▶ _Required work_:
Retype, exactly as they appear below, the lines between the line holding "Closeup of handmade" and the line holding "Keep warm and", both ends included.

(Records from a data source)
◇ ◇ ◇ ◇ ◇ ◇ ◇

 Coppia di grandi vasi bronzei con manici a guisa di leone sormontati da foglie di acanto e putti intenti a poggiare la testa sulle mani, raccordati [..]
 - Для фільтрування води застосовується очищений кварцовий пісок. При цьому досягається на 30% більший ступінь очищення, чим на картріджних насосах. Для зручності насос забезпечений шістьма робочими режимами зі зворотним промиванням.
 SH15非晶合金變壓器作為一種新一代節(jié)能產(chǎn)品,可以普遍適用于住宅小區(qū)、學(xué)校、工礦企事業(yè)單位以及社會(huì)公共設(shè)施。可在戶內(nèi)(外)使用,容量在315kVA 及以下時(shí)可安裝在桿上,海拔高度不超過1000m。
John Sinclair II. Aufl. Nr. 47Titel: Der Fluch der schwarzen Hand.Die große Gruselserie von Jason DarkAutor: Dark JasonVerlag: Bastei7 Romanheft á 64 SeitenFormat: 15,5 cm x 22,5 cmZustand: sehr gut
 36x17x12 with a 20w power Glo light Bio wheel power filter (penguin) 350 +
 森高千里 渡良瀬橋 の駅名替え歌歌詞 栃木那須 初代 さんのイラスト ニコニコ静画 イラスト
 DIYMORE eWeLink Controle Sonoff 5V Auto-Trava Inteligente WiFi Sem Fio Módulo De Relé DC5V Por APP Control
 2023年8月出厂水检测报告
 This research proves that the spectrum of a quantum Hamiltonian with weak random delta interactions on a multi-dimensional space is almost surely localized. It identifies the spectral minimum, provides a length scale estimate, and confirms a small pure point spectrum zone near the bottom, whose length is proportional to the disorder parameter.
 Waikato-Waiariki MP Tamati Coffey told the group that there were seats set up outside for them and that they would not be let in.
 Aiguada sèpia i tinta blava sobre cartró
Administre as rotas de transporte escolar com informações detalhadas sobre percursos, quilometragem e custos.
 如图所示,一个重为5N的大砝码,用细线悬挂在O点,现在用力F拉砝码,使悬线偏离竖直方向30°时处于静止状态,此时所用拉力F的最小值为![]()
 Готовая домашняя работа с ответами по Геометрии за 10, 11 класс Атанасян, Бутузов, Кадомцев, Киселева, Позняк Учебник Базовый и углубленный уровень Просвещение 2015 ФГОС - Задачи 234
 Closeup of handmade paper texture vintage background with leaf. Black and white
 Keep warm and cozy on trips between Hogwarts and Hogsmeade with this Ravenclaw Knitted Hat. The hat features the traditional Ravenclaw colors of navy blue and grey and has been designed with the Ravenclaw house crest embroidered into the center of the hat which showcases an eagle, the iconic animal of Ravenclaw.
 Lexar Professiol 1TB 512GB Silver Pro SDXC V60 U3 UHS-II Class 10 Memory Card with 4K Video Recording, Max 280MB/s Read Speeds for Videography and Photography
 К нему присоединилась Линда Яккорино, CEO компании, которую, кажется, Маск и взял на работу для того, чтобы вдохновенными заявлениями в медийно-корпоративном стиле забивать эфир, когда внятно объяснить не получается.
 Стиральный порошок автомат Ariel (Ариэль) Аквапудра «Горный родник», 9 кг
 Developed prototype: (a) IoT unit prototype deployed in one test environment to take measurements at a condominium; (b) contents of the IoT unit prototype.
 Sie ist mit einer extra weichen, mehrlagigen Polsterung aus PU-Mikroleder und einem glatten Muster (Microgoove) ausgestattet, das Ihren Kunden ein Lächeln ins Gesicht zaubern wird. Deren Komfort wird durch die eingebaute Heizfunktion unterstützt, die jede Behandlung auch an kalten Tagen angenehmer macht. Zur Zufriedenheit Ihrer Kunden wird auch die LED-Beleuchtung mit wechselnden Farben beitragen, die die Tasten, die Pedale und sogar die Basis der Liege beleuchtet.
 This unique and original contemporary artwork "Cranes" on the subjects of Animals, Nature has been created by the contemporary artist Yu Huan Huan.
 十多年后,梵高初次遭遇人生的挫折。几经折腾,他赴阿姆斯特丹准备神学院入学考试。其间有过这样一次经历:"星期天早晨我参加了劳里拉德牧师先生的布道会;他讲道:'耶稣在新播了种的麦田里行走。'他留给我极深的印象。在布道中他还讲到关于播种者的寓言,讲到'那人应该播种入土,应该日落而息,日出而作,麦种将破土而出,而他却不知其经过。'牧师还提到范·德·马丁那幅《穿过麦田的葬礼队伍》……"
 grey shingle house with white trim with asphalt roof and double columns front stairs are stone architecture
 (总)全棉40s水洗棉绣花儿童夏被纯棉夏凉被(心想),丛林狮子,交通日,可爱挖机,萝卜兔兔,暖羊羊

◇ ◇ ◇ ◇ ◇ ◇ ◇

▶ _Solution_:
 Closeup of handmade paper texture vintage background with leaf. Black and white
 Keep warm and cozy on trips between Hogwarts and Hogsmeade with this Ravenclaw Knitted Hat. The hat features the traditional Ravenclaw colors of navy blue and grey and has been designed with the Ravenclaw house crest embroidered into the center of the hat which showcases an eagle, the iconic animal of Ravenclaw.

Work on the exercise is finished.